Research

Activating transcriptional regulatory elements are essential for proper cellular activities during development, for maintaining homeostasis, and for accurate response to external stimuli. They act via promoter and enhancer activities, with the former defining where transcription is initiated and the latter amplifying transcription. Regulatory elements bind transcription factors (TFs), which in turn promote the recruitment and transcription initiation of RNA polymerase II locally or at proximal loci in the cell nucleus. The activity of each regulatory element is thus influenced by its DNA sequence and chromatin accessibility, its bound TFs and a favorable chromatin topology bringing it close to other regulatory elements in three-dimensional space.

In line with their importance, regulatory elements overlap with genetic variants underlying transcriptional variation and other phenotypic traits in pathologically relevant cell types, and their alterations have been implicated in several congenital diseases and cancers. In fact, a large proportion of genetic diseases cannot directly be linked with exonic, protein-coding base pair changes, indicating that many diseases may be associated with disruptions of regulatory activities rather than changes in peptide sequences. However, fine mapping and interpretation of such events have proven to be very challenging, due to a general lack of understanding how regulatory function and activity is determined by DNA sequence and the encompassing chromatin topology. Understanding the functions and interplay of regulatory elements and the determinants of their activity is therefore of major importance to the field.

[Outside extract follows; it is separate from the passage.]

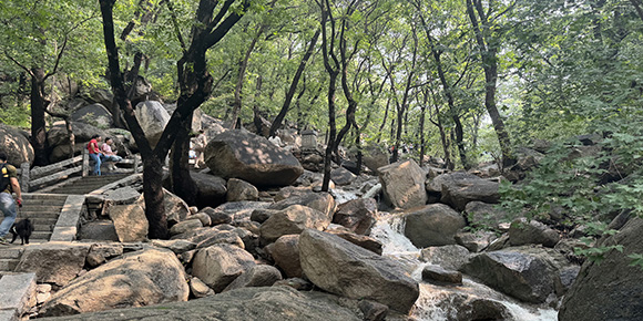 盤山 早8:30由客戶所在地出發去往天津,到達后午餐,餐后赴盤山,乾隆御題“早知有盤山、何必下江南”;盤山五峰與山西五臺山相對應,所以又稱“東五臺”,包括掛月峰、紫蓋峰、自來峰、九華峰、舞劍峰五座山峰,主峰掛月峰海拔864米,峰頂有一座唐代建的八角古塔。盤山八石為懸空石、搖動石、天井石、將軍石、晾甲石、夾木石、蛤蟆石、蟒石,搖動石是一塊狀似壽桃的巨石,用手觸動它就會輕輕晃動,令人稱奇(游覽約4小時)。后入住酒店
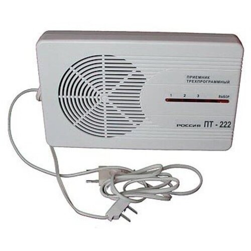белыйПеред покупкой убедитесь В наличии И В исправности точки проводного вещания! Вилка радио С плоскими штырьками!данный товар НЕ предназначен для людей С ограниченными возможностями!данный товар НЕ предназначен для людей С ограниченными умственными И психическими отклонениями !данный товар требует умственных навыков И аккуратного И точного использования согласно инструкци! НЕ предназначен для людей С инвалидностью И старше 65 ЛЕТ!Приемник трехпрограммный "Россия ПТ-222; - предназначен для воспроизведения передач, транслируемых по системе трехпрограммного проводного вещания. Приемник позволяет воспроизводить любую из трех программ: 2 программы, передаваемые по радиочастотным каналам и 1, передаваемую по каналу звуковой частоты. На каждую программу установлен светодиодный индикатор включения. Принимаются программы на следующих каналах: 1-я программа - основной канал звуковой частоты 2-я программа - канал радиочастоты с несущей частотой 78 кГц 3-я программа - канал радиочастоты с несущей частотой 120 кГц. Техническ

We have shown that classically defined enhancers and promoters share several properties and functions. For example, their chromatin and sequence architectures are remarkably similar, there are prototypical examples of gene promoters with enhancer activity, and regulatory active enhancers are able to initiate local transcription themselves, thereby working as promoters. In fact, we have shown that enhancer transcription (eRNAs), detected using transcription start site profiling by Cap Analysis of Gene Expression (CAGE), is a much better predictor of enhancer activity than chromatin characteristics (up to 3-fold increase in in vitro validation rate). Our results suggest that regulatory elements should therefore be considered a unified class of elements with varying degrees of non-mutually exclusive regulatory functions.

We have utilized the phenomenon of enhancer transcription to established an accurate approach to infer the locations of regulatory elements and their enhancer activities from eRNA 5’ end sequencing data. This eRNA-centered approach has laid the foundation for several projects in the group, allowing us to use eRNAs as a proxy for enhancer activity to study cell-type specific regulation, the impact of genetic variants on transcriptional regulation, the importance of individual enhancers and the role they play in larger regulatory topologies to define cell-type specific transcriptional activities.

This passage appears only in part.